Technical Indicators II: Moving Averages
What is moving average?
Moving average is the average rate of a currency pair over a set
period. For example, if you conduct a 20-day moving average (20 day MA),
you simply add the close price of the past 20 days and divide it by 20.
This is called a simple moving average (SMA).
The most common parameters for moving averages are 5, 10, 20, 50 and
100. The smaller the time frame, the more reactive and sensitive is the
indicator to the market movement. The longer the time frame, the
smoother is the moving average. Traders should keep in mind that the
longer the time frame, the more reliable is the study.
Moving averages show the direction of the trend. As shown in the
above chart, the shorter the time frame, the more sensitive is the SMA
to the direction of the trend. In an up-trend, the shorter time frame
averages should be above the longer ones, where the current price should
be above the shortest SMA.
SMA, EMA and WMA
There are few varieties of the moving averages. The most common ones
are: Simple Moving Average (SMA), Exponential Moving Average (EMA) and
Linearly Weighted Moving Average (WMA). EMA and WMA are under the moving
average family that they put more weight on recent data in
calculations. They react faster than SMA to the current price movement.
As shown on the chart below, 10 WMA is more sensitive to the current
price movement than the 10 SMA.
Applications of Moving Average
1. Direction of the trend
Moving averages can show the direction of the current trend.
Generally, an up-trend is confirmed when a short-term moving average
crosses above a long-term one, and the short-term moving average remains
above the long-term moving average. Conversely, a downtrend is
confirmed when a short-term moving average crosses below a long-term
one, and it remains below the long-term moving average.
Traders can recognize the direction of the trend with reference to
the direction of the trend line and their order of arrangement.
2. Support and resistance
The moving averages can act as support and resistance lines. In an
up-trend, the SMAs below the rising price can act as support levels. If
there is a retracement, the price is likely to bounce off the moving
averages. It is the same for a downtrend movement, that the SMAs above
the falling price can act as resistance levels.
As shown in the chart below, EUR/USD has experienced a strong
downtrend since April 2005. The price retraced a couple of times to the
10 day SMA, however failed to break through and followed with subsequent
drops.
The longer the time frames of moving averages are regard as stronger
support or resistance than shorter time frames ones. When the price hits
the longer time frame moving average, it means a stronger retracement.
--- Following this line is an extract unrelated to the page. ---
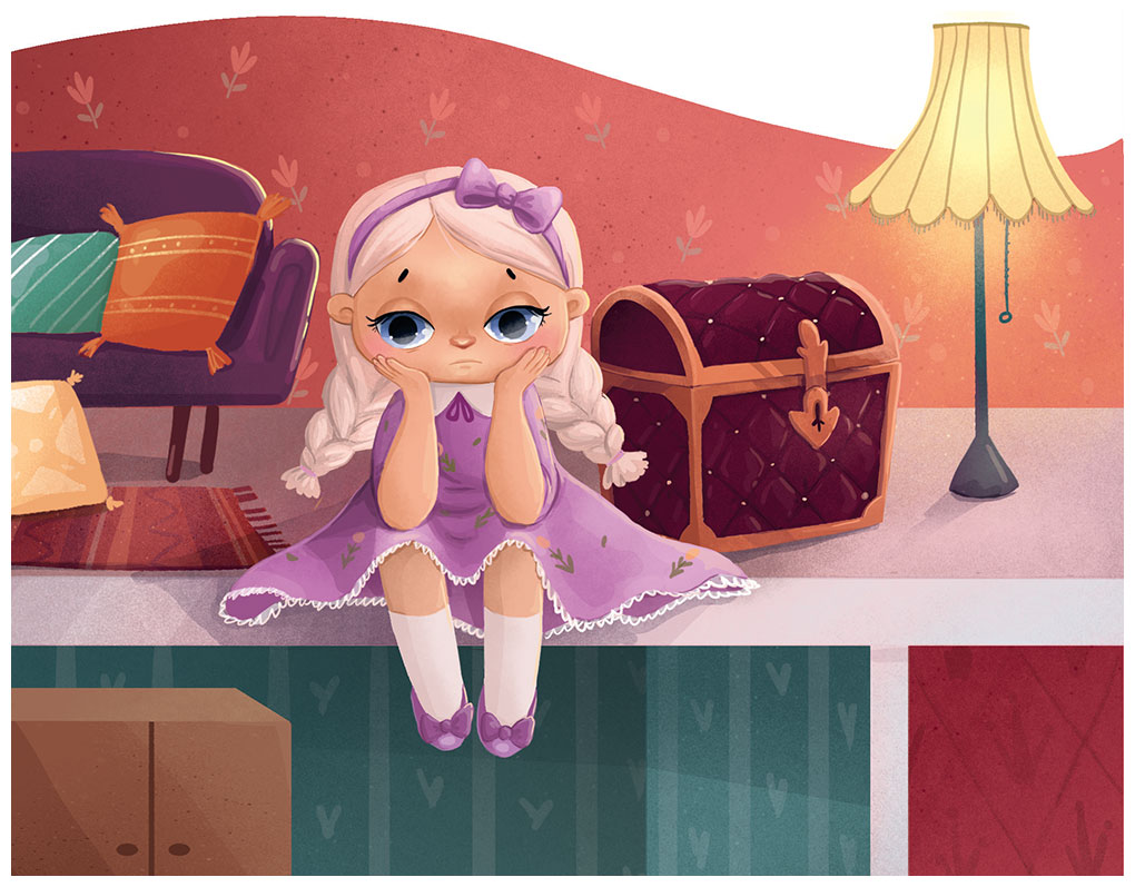 Игрушки разбрелись по чердаку. Каждый искал себе уголок, где можно было бы удобно устроиться. Элиза нашла кукольный домик с балконом и втащила туда свой сундук. Домик был старый, но в нём имелось всё необходимое: гостиная, спальня, кухня и розовая ванная. Кот с гусеницей обосновались на подоконнике. Рока нашла заклеенный надувной круг для купания и запрыгнула в него.

Traders can combine the candlestick patterns when decide to trade with
the moving averages. For instance, a selling decision in a downtrend can
be confirmed by price retracement to a 20 day SMA level and a bearish
engulfing pattern.
3. Crossovers Signals
Whenever a shorter-term moving average crosses over a longer-term
one, it indicates that there is a momentum shift. Traders can use this
opportunity to enter a trade in the direction of the crossover.
Since the shorter-term moving averages react more quickly to the
market price, a crossover indicates a change of sentiment in the market.
In the chart below, the 10-day SMA cut above the 20-day SMA in April
2006, it was a bullish crossover. It indicated an upward momentum. Later
in June 2006, the 10-day SMA cut below the 20-day SMA, it indicated the
up-trend had lost its momentum and the downtrend was in control.
Traders can use the crossovers as entry and exit signals of trades.
The shorter term moving averages generate more crossovers as they
react more quickly to the market. However, they also generate more false
signals. Traders are recommend to trade the moving averages along with
other technical analysis tools, like candlestick patterns or other
technical indicators.
Limitations of Moving Averages
Moving averages are best to apply in a strong trending market,
otherwise, there can be too frequent crossovers that includes many false
signals.
In the chart below, USD/CHF was going an up-trend and there were many
retracements to the support line. There were numerous crossovers
between the 10-day SMA and 20-day SMA. In this case, the crossovers were
inexact signals and they do not take into account the price in relation
to the support level. Trading based on SMA crossovers requires caution
and better to wait for other signals or candlestick patterns to confirm
the trade once a crossover signal occurs.